:: Work order ::
Please repeat the records exactly, keeping the pictures out.

^^^^^^^^

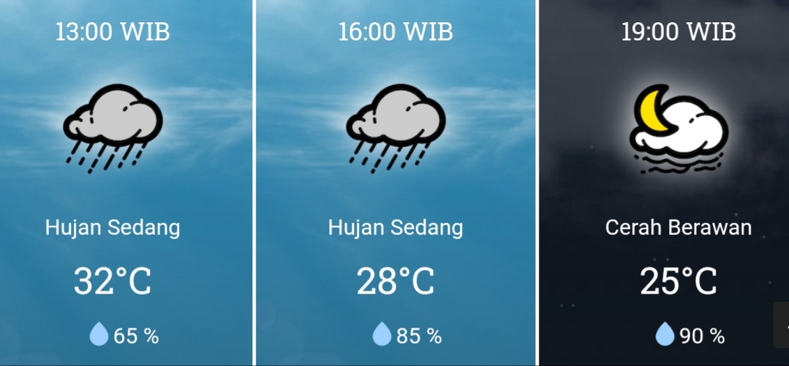 Badan Meteorologi Geofisika dan Klimatologi memprakirakan, hujan ringan dimulai sejak pukul 04.00 dinihari. Dilanjut pada pukul 07.00 lalu pukul 10.00 Hujan intensitas sedang terjadi pukul 13.00 dan pukul 16.00. Cuaca cerah berawan baru akan terjadi pukul 19.00 dan 22.00.
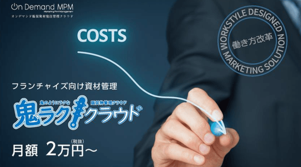 「鬼ラク!クラウド」は、月額2万円から始めることができる、ID数100名までの中規模クラス向けのクラウドシステムです。一般的なECサイトのように資材発注を各拠点から手軽に行うことができます。注文された資材は自動的に発注され、また在庫アイテムであれば直接倉庫に発送依頼が入ります。リアルタイム在庫数表示により、在庫数確認が常時可能となります。また、在庫数が少なくなると自動的に管理者にアラートが送信され、在庫追加のタイミングをお知らせいたします。さらにチラシやカタログ等の販促印刷ツールはオンデマンド印刷に移行することで、倉庫保管の必要も無くなり、廃棄ロスも0に近づきます。 あわせてオプション機能のeカタログサービスを活用することにより、加盟店の従業員向けマニュアルの電子化や、教育セミナーの電子化が可能となり、集合教育のコスト削減と育成パフォーマンスの向上を実現いたします。
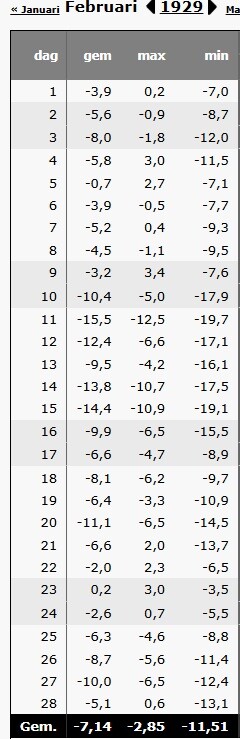 Een gemiddelde minimumtemperatuur van maar liefst -11,5 °C. En een Tg van ruim -7 °C over de gehele maand.
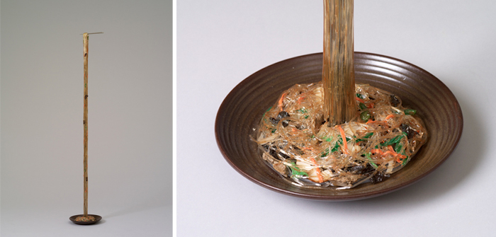 在這一碗碗「韓麵」裏頭,以綜合樹脂沏入一根根的麵條與各式拉麵佐料,眼望著舉得高高的麵條,與色彩鮮豔誘人的配料,彷彿訴盡韓國那淵遠流長的歷史文化,令人不由得注視得忘我,癡心地妄想一口塞進那滑潤的麵條入口。
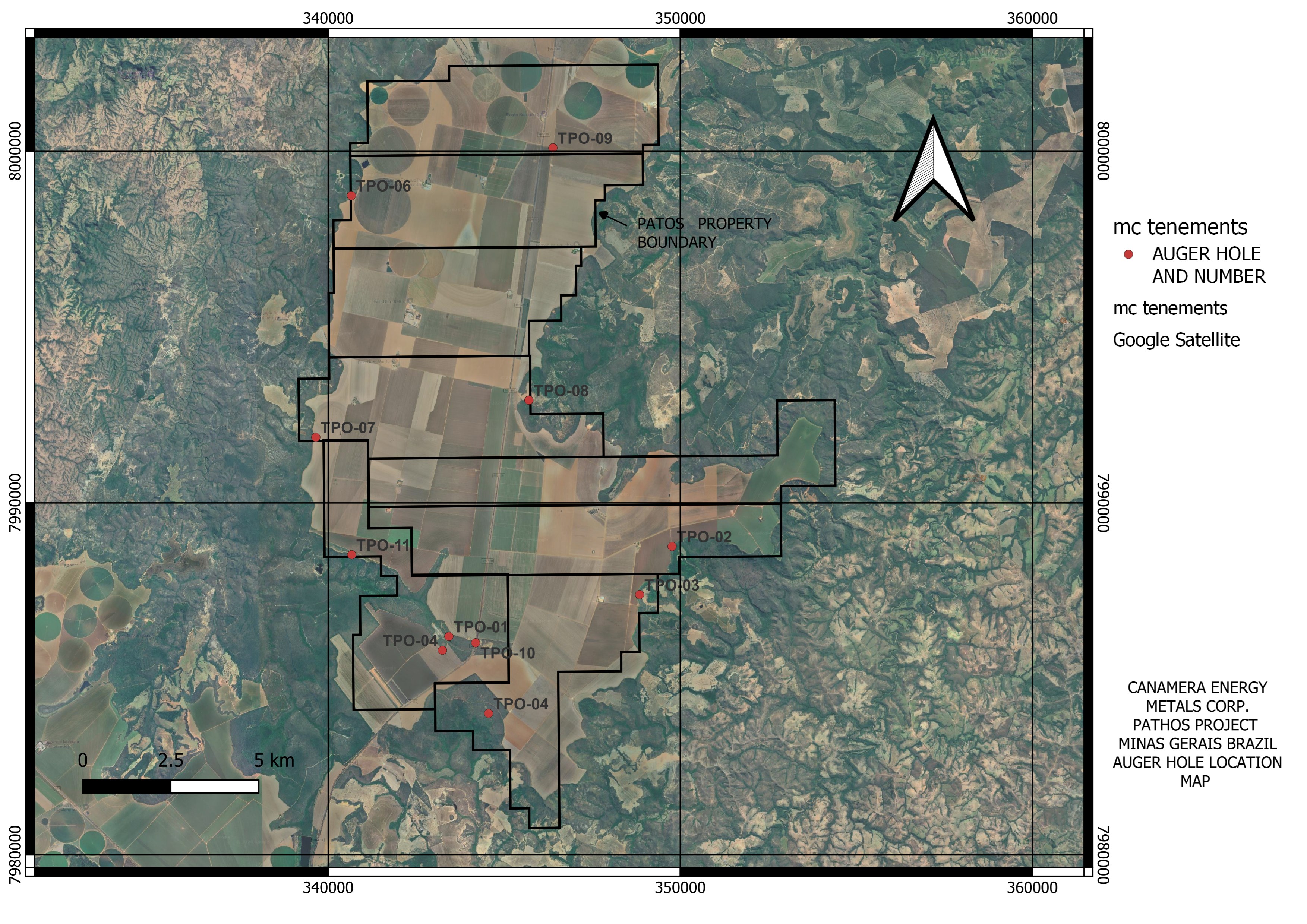 "We are very pleased with the execution of the Patos due diligence program," said Brad Brodeur, CEO of Canamera Energy Metals Corp. "Our field team completed 11 auger holes across the Project and confirmed the geological profile we expected to see - a well-developed kamafugite-derived regolith sequence that is consistent with the ionic clay REE model that has attracted growing attention across the Mata da Corda region. The geology is encouraging, and we now await assay results to inform our acquisition decision."
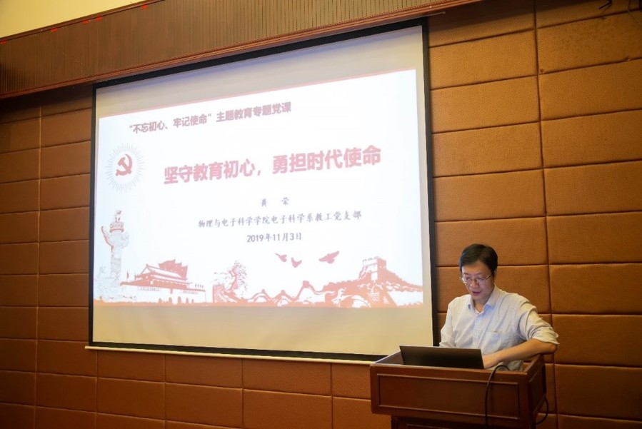 黄荣以“坚守教育初心、勇担时代使命”为题,带领支部党员学习了习近平总书记关于教育工作的重要论述摘编,明确了新时代教育工作者的初心是“坚持立德树人,为党为国育人健才”,使命在于“培养德智体美劳全面发展的社会主义建设者和接班人”,同时提出,作为高校教育者,在人才培养过程中,要紧密围绕课程建设、教学科研等中心工作持续优化和改进,成为先进思想和科学文化的传播者。
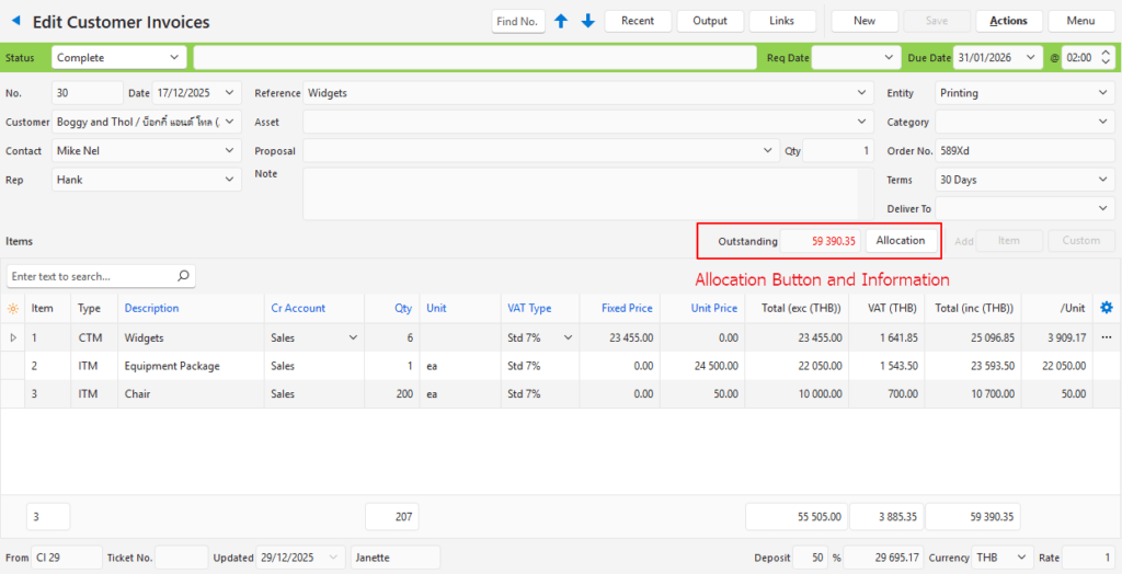 - Allocations allow payments and invoices to be linked to determine which specific invoices are outstanding.
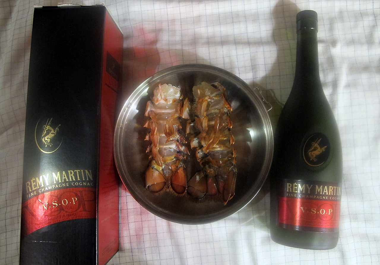 적포도주가 없어서 비싼 레미마틴의 안주로 바닷가재 꼬리 생회를 해서 한잔 들었는데, 꼬리가 아주
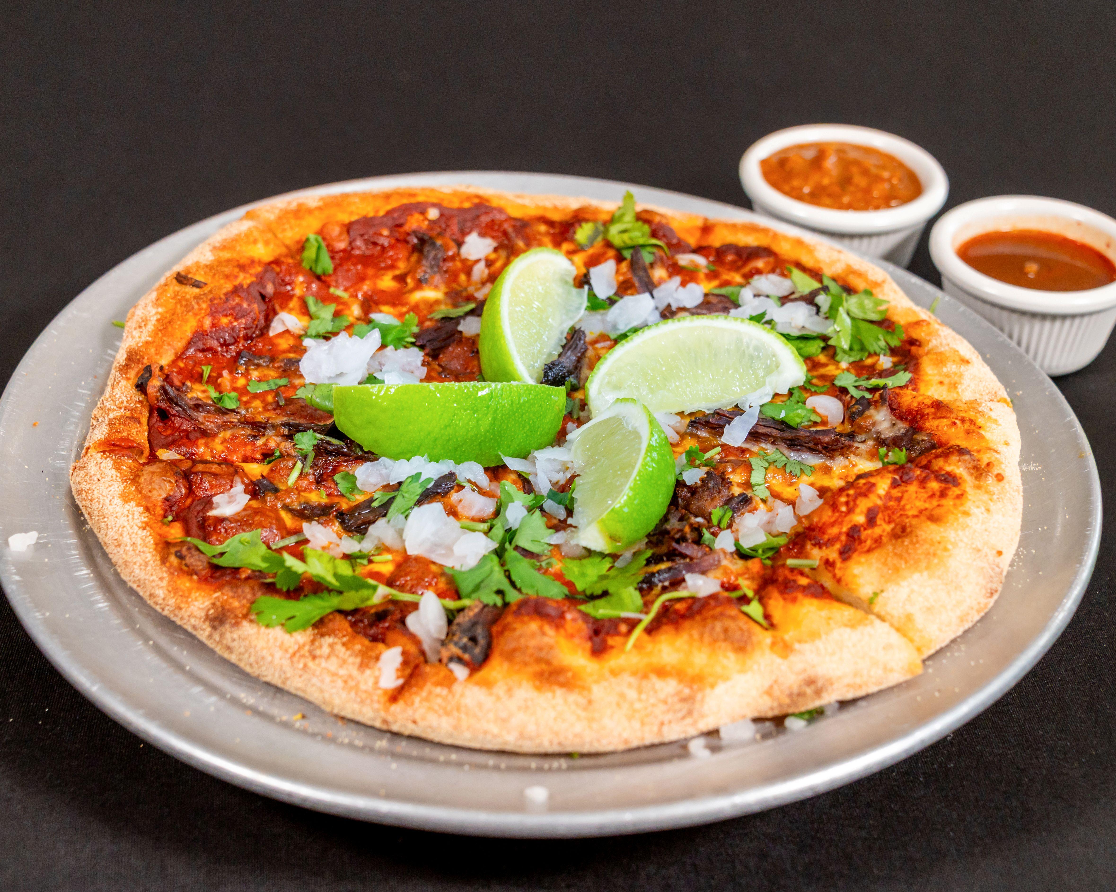 CARNE ASADA, MARINATED ROASTED SHRIMP, RED ONIONS, BELL PEPPERS, CILANTRO ON OUR PICANTE GUACA-TILLO SAUCE.

^^^^^^^^

:: Result ::
 Badan Meteorologi Geofisika dan Klimatologi memprakirakan, hujan ringan dimulai sejak pukul 04.00 dinihari. Dilanjut pada pukul 07.00 lalu pukul 10.00 Hujan intensitas sedang terjadi pukul 13.00 dan pukul 16.00. Cuaca cerah berawan baru akan terjadi pukul 19.00 dan 22.00.
 「鬼ラク!クラウド」は、月額2万円から始めることができる、ID数100名までの中規模クラス向けのクラウドシステムです。一般的なECサイトのように資材発注を各拠点から手軽に行うことができます。注文された資材は自動的に発注され、また在庫アイテムであれば直接倉庫に発送依頼が入ります。リアルタイム在庫数表示により、在庫数確認が常時可能となります。また、在庫数が少なくなると自動的に管理者にアラートが送信され、在庫追加のタイミングをお知らせいたします。さらにチラシやカタログ等の販促印刷ツールはオンデマンド印刷に移行することで、倉庫保管の必要も無くなり、廃棄ロスも0に近づきます。 あわせてオプション機能のeカタログサービスを活用することにより、加盟店の従業員向けマニュアルの電子化や、教育セミナーの電子化が可能となり、集合教育のコスト削減と育成パフォーマンスの向上を実現いたします。
 Een gemiddelde minimumtemperatuur van maar liefst -11,5 °C. En een Tg van ruim -7 °C over de gehele maand.
 在這一碗碗「韓麵」裏頭,以綜合樹脂沏入一根根的麵條與各式拉麵佐料,眼望著舉得高高的麵條,與色彩鮮豔誘人的配料,彷彿訴盡韓國那淵遠流長的歷史文化,令人不由得注視得忘我,癡心地妄想一口塞進那滑潤的麵條入口。
 "We are very pleased with the execution of the Patos due diligence program," said Brad Brodeur, CEO of Canamera Energy Metals Corp. "Our field team completed 11 auger holes across the Project and confirmed the geological profile we expected to see - a well-developed kamafugite-derived regolith sequence that is consistent with the ionic clay REE model that has attracted growing attention across the Mata da Corda region. The geology is encouraging, and we now await assay results to inform our acquisition decision."
 黄荣以“坚守教育初心、勇担时代使命”为题,带领支部党员学习了习近平总书记关于教育工作的重要论述摘编,明确了新时代教育工作者的初心是“坚持立德树人,为党为国育人健才”,使命在于“培养德智体美劳全面发展的社会主义建设者和接班人”,同时提出,作为高校教育者,在人才培养过程中,要紧密围绕课程建设、教学科研等中心工作持续优化和改进,成为先进思想和科学文化的传播者。
 - Allocations allow payments and invoices to be linked to determine which specific invoices are outstanding.
 적포도주가 없어서 비싼 레미마틴의 안주로 바닷가재 꼬리 생회를 해서 한잔 들었는데, 꼬리가 아주
 CARNE ASADA, MARINATED ROASTED SHRIMP, RED ONIONS, BELL PEPPERS, CILANTRO ON OUR PICANTE GUACA-TILLO SAUCE.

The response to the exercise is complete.